The safety and efficacy of pegfilgrastim for the mobilisation of blood progenitor cells in patients or healthy donors has not been adequately evaluated.
The needle cover of the pre-filled syringe contains dry natural rubber (a derivative of latex), which may cause allergic reactions.
Increased haematopoietic activity of the bone marrow in response to growth factor therapy has been associated with transient positive bone imaging findings.
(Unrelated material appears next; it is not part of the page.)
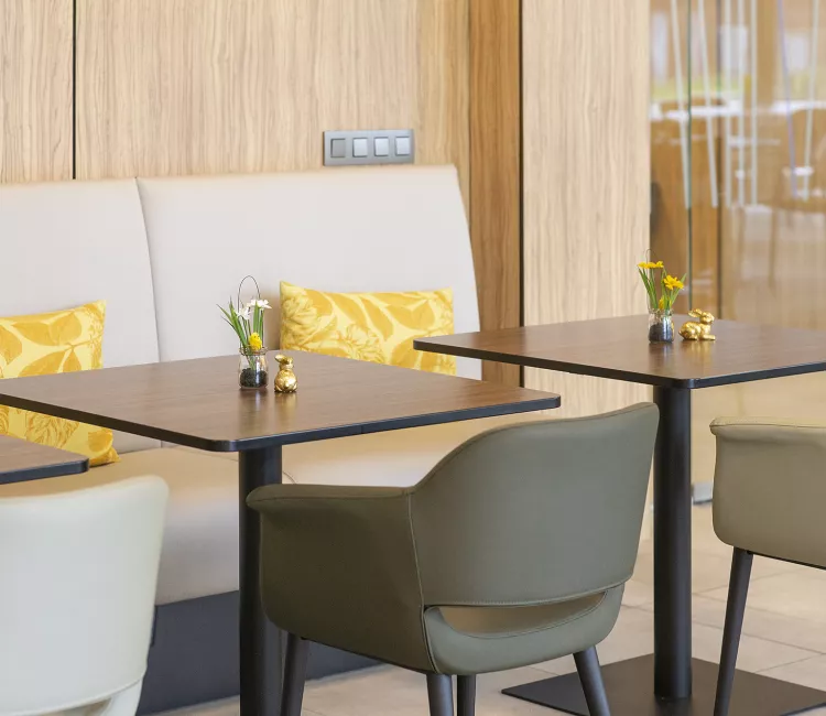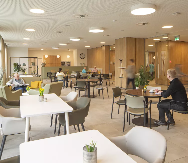 Dhr Gunther Huygens – Algemeen Directeur WZC Sint-Jozef: De cafetaria, het kloppende hart, is de ontmoetingsruimte waar jong en oud zich thuis voelen dankzij de mooie en smaakvolle inrichting. Het resultaat van een jarenlange constructieve samenwerking met Moments. Hierbij werd heel goed geluisterd wat onze bewoners het meest verlangen: “Een warme, huiselijke plek om in te wonen en leven.” De kleine accenten, ons aangereikt door de interieurstylisten van Studio M, zijn figuurlijk helemaal niet zo klein! Niet onbelangrijk, ook onze medewerkers van het onderhoud- en woonleefteam werden volop gehoord.

This should be considered when interpreting bone-imaging results.
Peg-Alvograstim contains sorbitol. Patients with rare hereditary problems of fructose intolerance should not take this medicine.
Peg-Alvograstim contains less than 1 mmol (23 mg) sodium per 6 mg dose, i.e. essentially 'sodium-free'.
Effects on the ability to drive or use machines: No studies on the effects on the ability to drive and use machines have been performed with pegfilgrastim.